Segment Start: MATERIAL FOR THE TASK
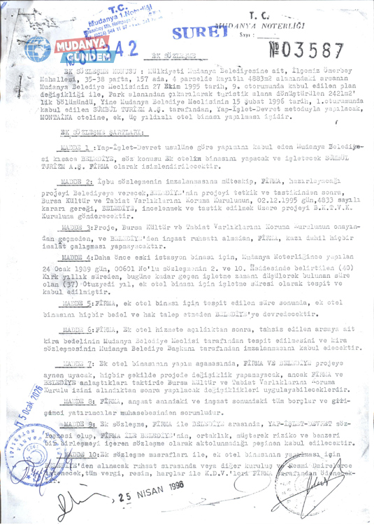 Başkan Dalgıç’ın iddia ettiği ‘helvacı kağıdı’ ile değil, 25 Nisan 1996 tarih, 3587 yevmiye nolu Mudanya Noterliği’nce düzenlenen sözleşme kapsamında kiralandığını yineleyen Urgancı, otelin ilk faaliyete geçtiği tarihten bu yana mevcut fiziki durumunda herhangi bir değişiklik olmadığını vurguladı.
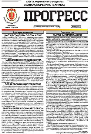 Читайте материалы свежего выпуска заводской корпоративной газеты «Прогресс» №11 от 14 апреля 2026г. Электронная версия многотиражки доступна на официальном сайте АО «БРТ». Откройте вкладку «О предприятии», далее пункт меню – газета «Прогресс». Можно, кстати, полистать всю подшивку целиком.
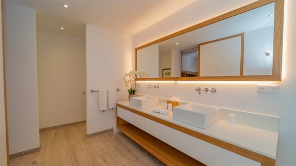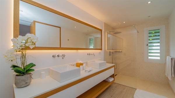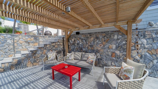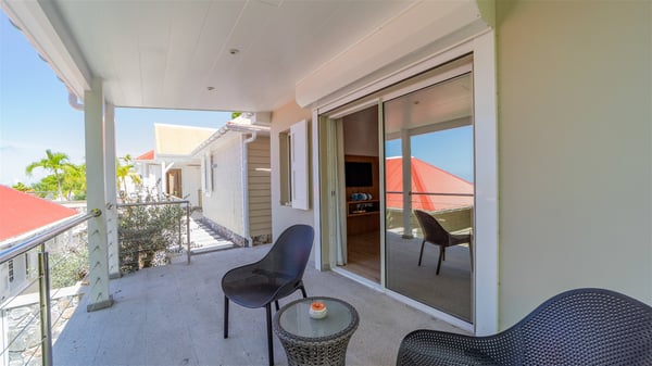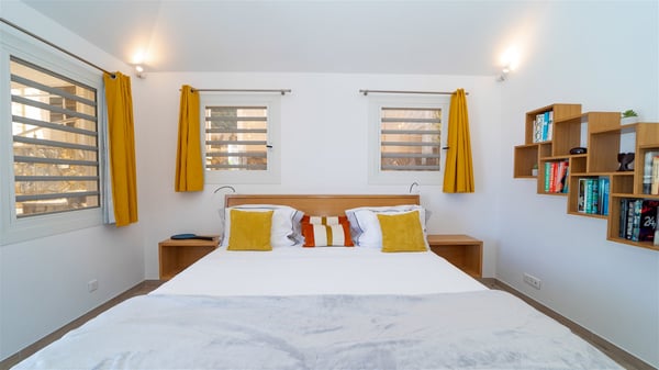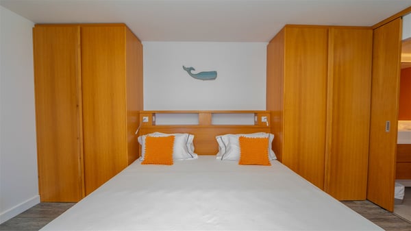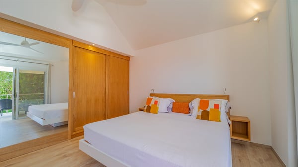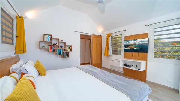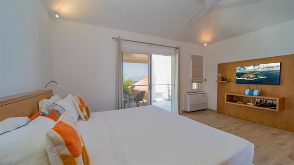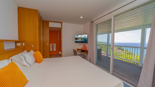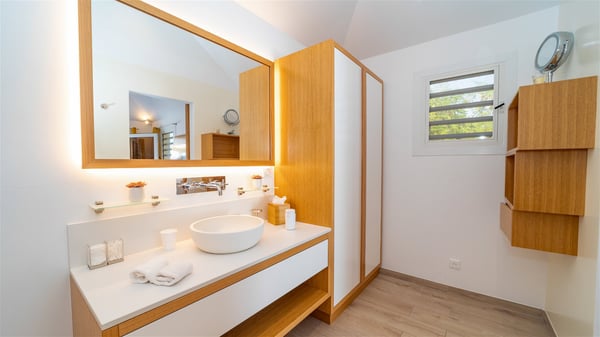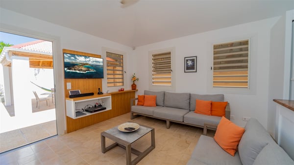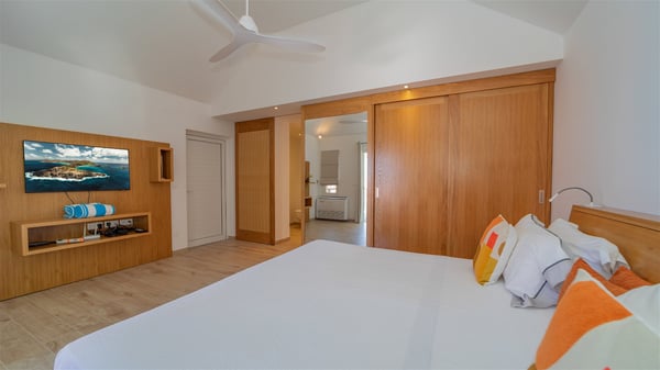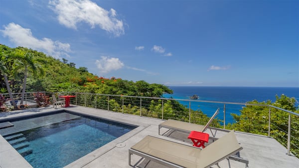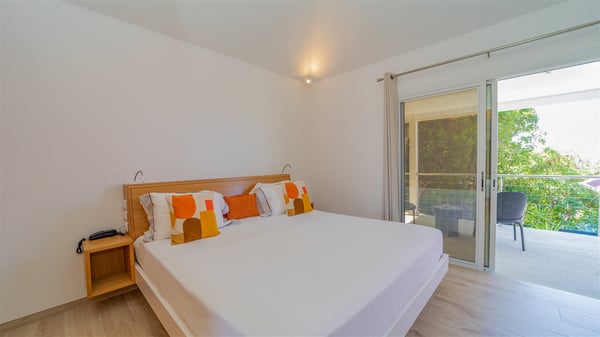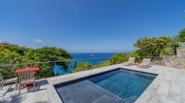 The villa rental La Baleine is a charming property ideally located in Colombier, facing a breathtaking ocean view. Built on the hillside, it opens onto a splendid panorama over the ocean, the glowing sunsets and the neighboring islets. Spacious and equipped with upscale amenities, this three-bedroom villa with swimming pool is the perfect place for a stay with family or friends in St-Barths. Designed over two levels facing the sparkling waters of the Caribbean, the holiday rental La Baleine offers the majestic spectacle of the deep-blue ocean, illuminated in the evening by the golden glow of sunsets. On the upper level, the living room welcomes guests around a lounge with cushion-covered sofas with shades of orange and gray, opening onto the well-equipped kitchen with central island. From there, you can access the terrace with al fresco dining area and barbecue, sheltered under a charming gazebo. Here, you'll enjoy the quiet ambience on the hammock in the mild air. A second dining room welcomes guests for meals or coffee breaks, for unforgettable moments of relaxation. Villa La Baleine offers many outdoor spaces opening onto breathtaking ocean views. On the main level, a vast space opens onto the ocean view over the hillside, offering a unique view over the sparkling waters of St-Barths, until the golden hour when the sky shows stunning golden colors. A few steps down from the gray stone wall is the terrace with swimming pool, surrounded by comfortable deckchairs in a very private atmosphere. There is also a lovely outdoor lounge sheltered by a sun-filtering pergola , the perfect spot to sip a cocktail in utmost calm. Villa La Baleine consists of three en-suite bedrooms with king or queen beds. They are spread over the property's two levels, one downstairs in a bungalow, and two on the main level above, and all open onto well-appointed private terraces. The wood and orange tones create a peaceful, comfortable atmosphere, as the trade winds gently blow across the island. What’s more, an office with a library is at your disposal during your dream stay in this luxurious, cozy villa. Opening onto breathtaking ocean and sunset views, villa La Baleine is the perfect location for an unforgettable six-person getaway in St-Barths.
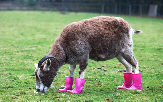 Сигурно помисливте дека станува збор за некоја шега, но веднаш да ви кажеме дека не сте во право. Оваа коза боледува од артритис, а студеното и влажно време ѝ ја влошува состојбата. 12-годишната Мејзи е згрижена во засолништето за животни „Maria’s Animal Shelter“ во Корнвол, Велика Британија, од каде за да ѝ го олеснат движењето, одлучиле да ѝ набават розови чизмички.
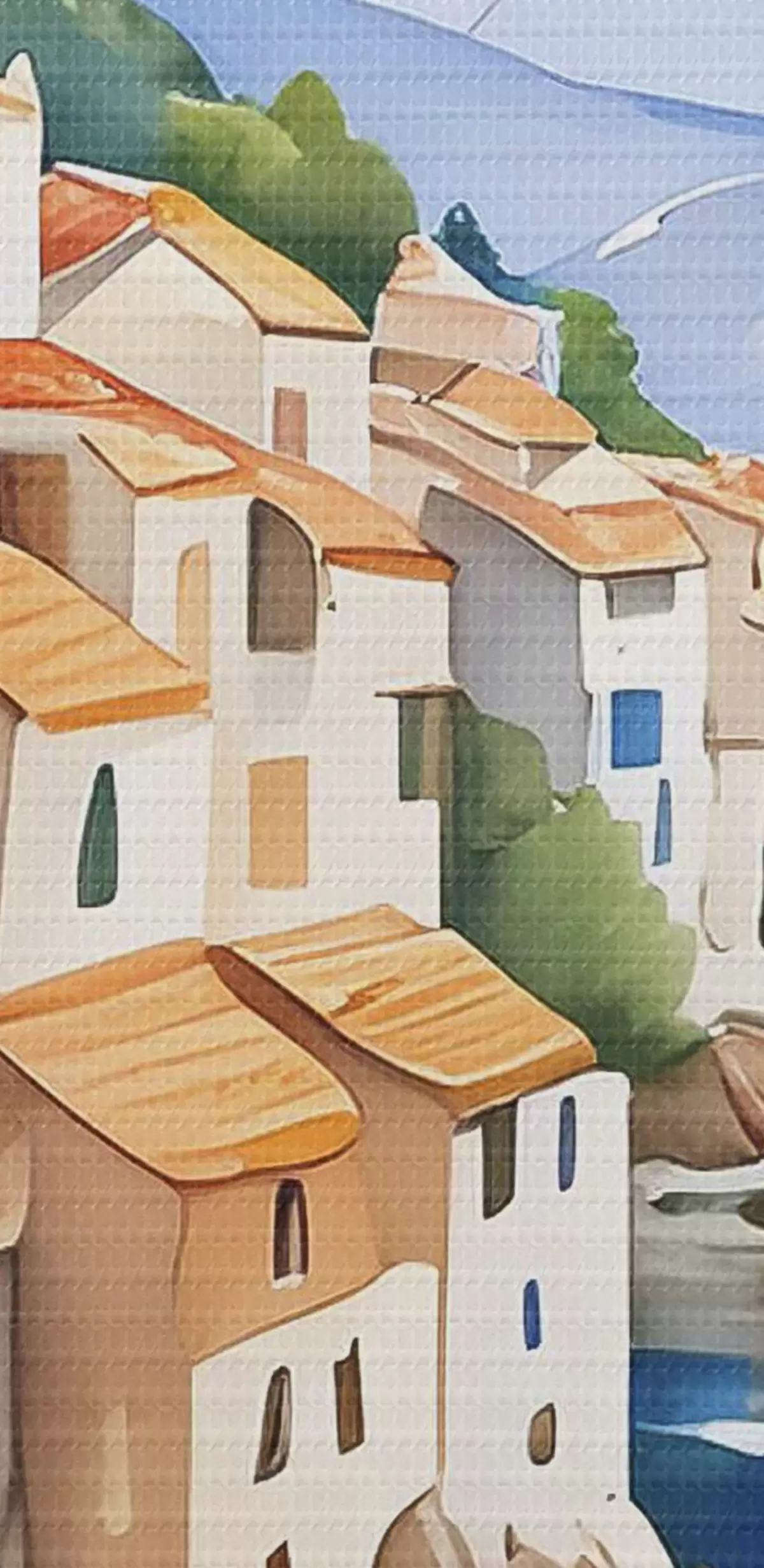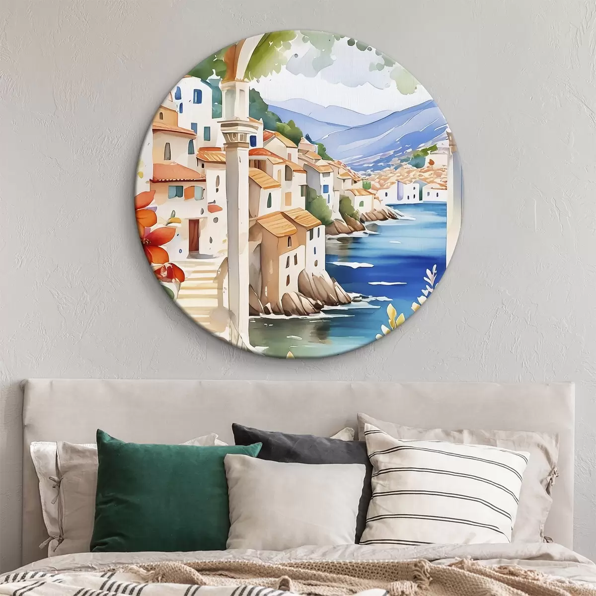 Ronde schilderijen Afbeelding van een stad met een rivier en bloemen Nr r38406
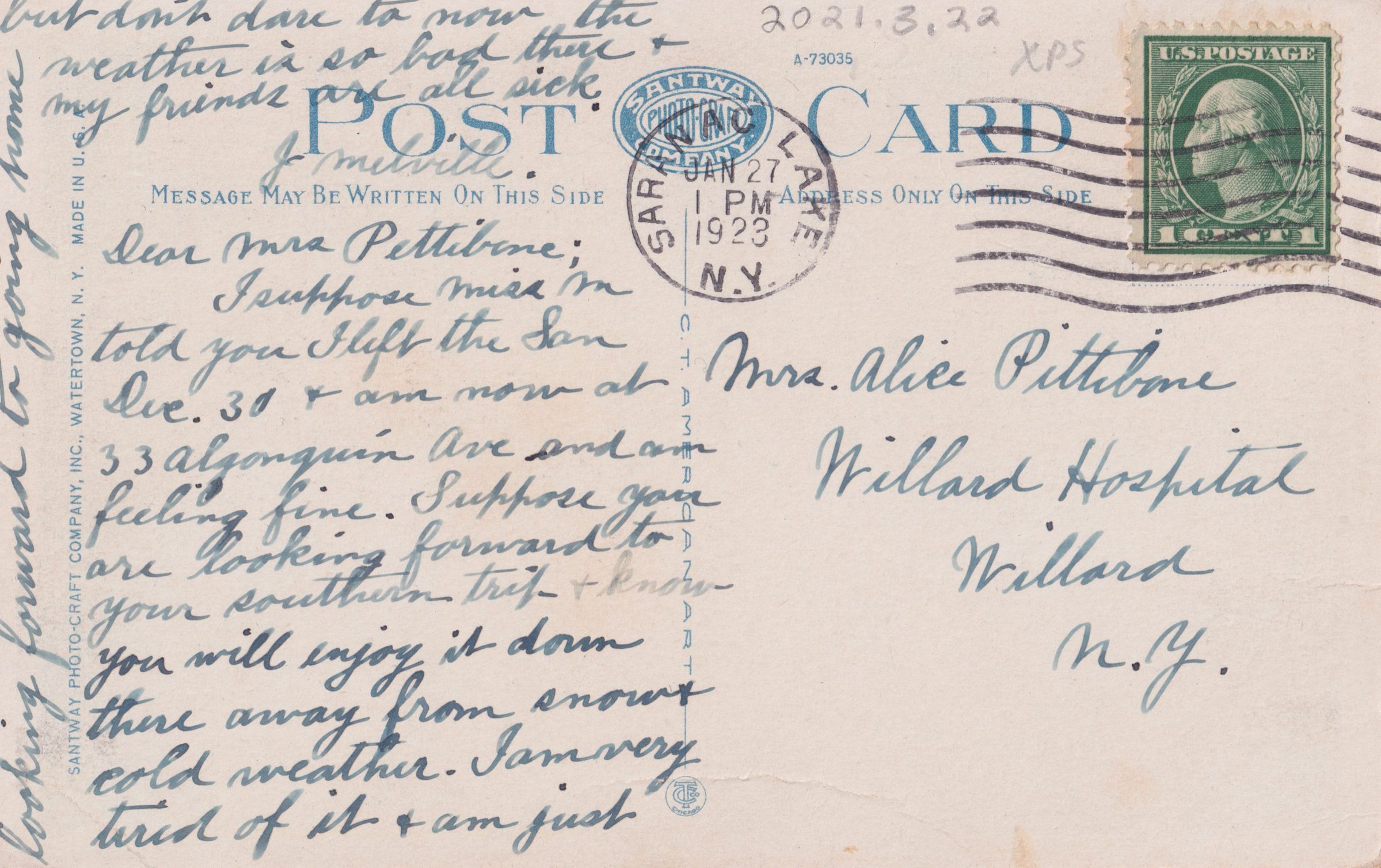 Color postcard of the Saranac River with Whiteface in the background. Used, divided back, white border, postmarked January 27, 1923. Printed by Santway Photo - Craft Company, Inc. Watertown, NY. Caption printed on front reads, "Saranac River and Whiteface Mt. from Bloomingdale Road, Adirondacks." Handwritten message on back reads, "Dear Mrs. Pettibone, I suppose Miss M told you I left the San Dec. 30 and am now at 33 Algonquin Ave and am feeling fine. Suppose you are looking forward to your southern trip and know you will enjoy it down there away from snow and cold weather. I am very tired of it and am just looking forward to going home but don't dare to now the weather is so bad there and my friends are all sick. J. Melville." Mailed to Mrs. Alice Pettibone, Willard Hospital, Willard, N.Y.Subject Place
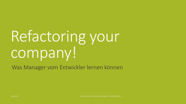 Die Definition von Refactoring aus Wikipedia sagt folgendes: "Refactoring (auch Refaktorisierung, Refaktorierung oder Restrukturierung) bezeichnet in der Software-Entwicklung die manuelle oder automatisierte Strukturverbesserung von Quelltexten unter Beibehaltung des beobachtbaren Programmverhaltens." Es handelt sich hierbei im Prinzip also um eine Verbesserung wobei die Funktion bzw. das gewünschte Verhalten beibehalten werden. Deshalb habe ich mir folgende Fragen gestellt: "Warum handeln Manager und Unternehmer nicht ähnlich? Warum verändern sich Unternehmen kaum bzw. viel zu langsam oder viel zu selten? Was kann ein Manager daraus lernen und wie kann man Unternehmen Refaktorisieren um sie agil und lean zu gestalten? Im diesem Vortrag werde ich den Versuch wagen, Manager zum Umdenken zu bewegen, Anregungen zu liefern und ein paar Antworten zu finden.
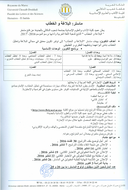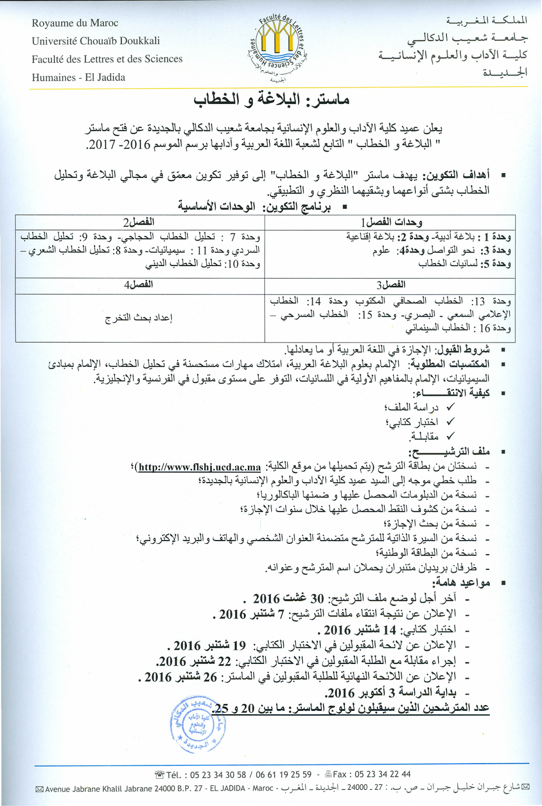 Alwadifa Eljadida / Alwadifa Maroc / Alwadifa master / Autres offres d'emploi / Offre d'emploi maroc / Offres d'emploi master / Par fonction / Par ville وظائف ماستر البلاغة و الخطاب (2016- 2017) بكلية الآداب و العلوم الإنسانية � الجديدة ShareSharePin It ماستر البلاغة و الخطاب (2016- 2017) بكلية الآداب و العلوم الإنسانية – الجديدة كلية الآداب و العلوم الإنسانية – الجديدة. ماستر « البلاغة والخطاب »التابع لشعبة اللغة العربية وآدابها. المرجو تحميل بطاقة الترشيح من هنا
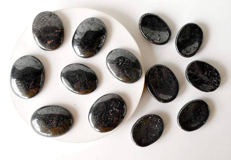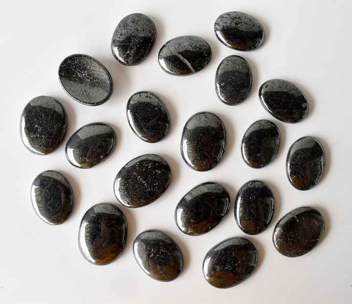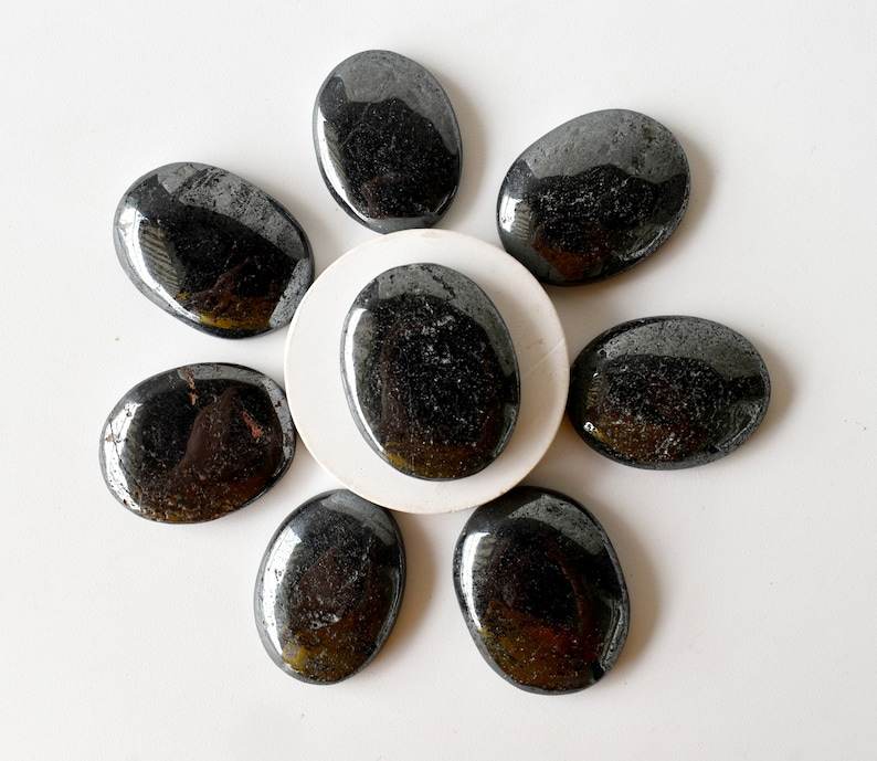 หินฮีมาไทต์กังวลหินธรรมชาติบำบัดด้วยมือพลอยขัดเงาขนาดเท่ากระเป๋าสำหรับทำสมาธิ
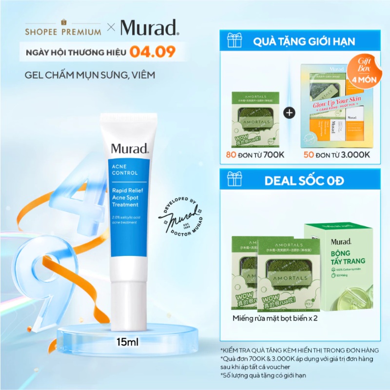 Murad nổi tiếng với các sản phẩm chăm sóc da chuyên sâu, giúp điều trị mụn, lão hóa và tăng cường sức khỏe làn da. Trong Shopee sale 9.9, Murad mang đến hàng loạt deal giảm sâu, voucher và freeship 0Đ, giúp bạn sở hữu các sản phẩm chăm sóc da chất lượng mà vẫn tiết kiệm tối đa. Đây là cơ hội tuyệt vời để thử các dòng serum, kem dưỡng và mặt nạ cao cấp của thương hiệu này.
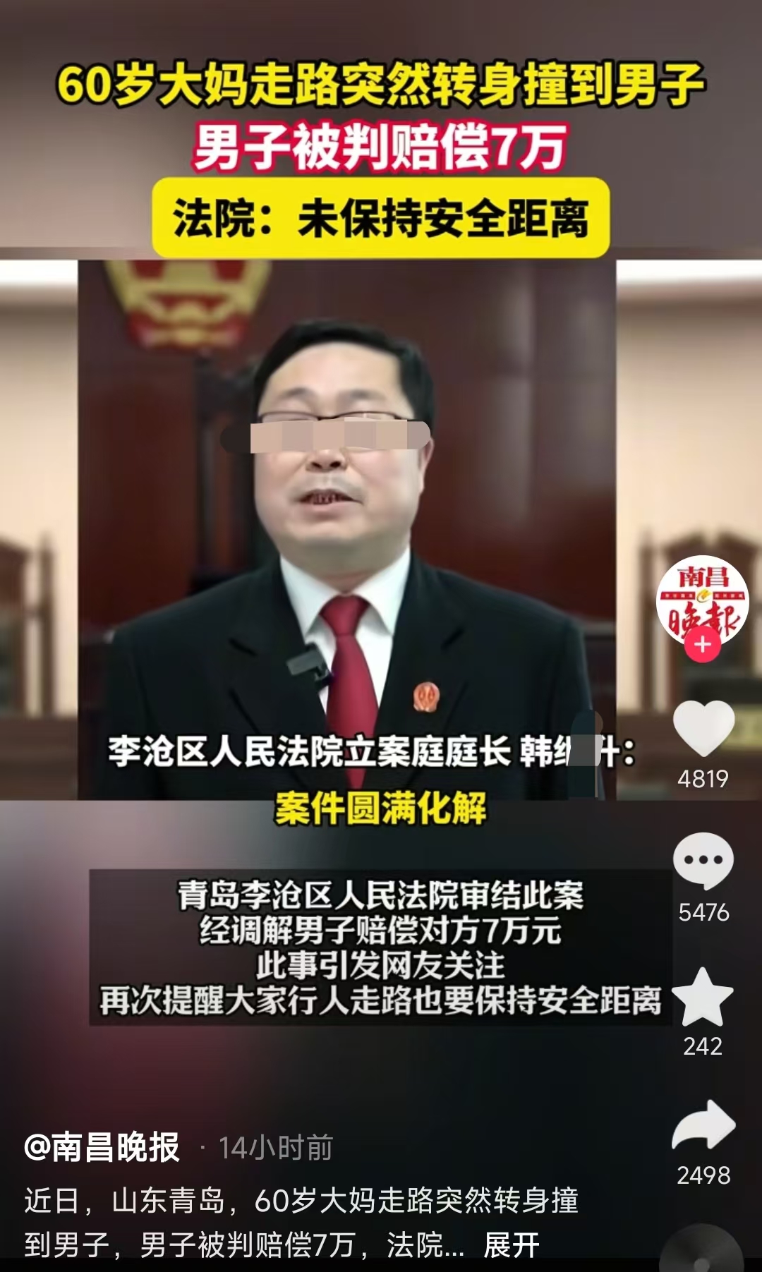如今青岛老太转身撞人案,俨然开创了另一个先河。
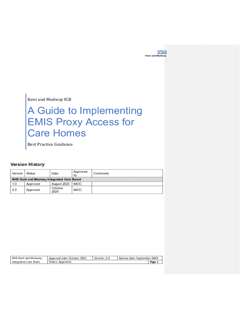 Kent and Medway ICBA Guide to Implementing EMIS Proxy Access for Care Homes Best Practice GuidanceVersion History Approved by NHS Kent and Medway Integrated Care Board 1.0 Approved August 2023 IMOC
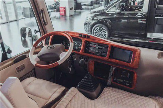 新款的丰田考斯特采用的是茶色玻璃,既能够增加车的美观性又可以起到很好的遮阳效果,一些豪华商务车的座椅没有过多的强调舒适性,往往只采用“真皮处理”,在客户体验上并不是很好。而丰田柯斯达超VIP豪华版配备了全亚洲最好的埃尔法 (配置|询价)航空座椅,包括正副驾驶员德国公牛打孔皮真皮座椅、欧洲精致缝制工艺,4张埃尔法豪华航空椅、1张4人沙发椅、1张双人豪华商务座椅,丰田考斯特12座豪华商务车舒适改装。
Segment End: MATERIAL FOR THE TASK
(TASK):
Pick up at the line that holds "Kent and Medway ICBA" and restate each line, word for word, through the last line of the entries. Include both end lines but none of the pictures.

(ANSWER BOX):
 Kent and Medway ICBA Guide to Implementing EMIS Proxy Access for Care Homes Best Practice GuidanceVersion History Approved by NHS Kent and Medway Integrated Care Board 1.0 Approved August 2023 IMOC
 新款的丰田考斯特采用的是茶色玻璃,既能够增加车的美观性又可以起到很好的遮阳效果,一些豪华商务车的座椅没有过多的强调舒适性,往往只采用“真皮处理”,在客户体验上并不是很好。而丰田柯斯达超VIP豪华版配备了全亚洲最好的埃尔法 (配置|询价)航空座椅,包括正副驾驶员德国公牛打孔皮真皮座椅、欧洲精致缝制工艺,4张埃尔法豪华航空椅、1张4人沙发椅、1张双人豪华商务座椅,丰田考斯特12座豪华商务车舒适改装。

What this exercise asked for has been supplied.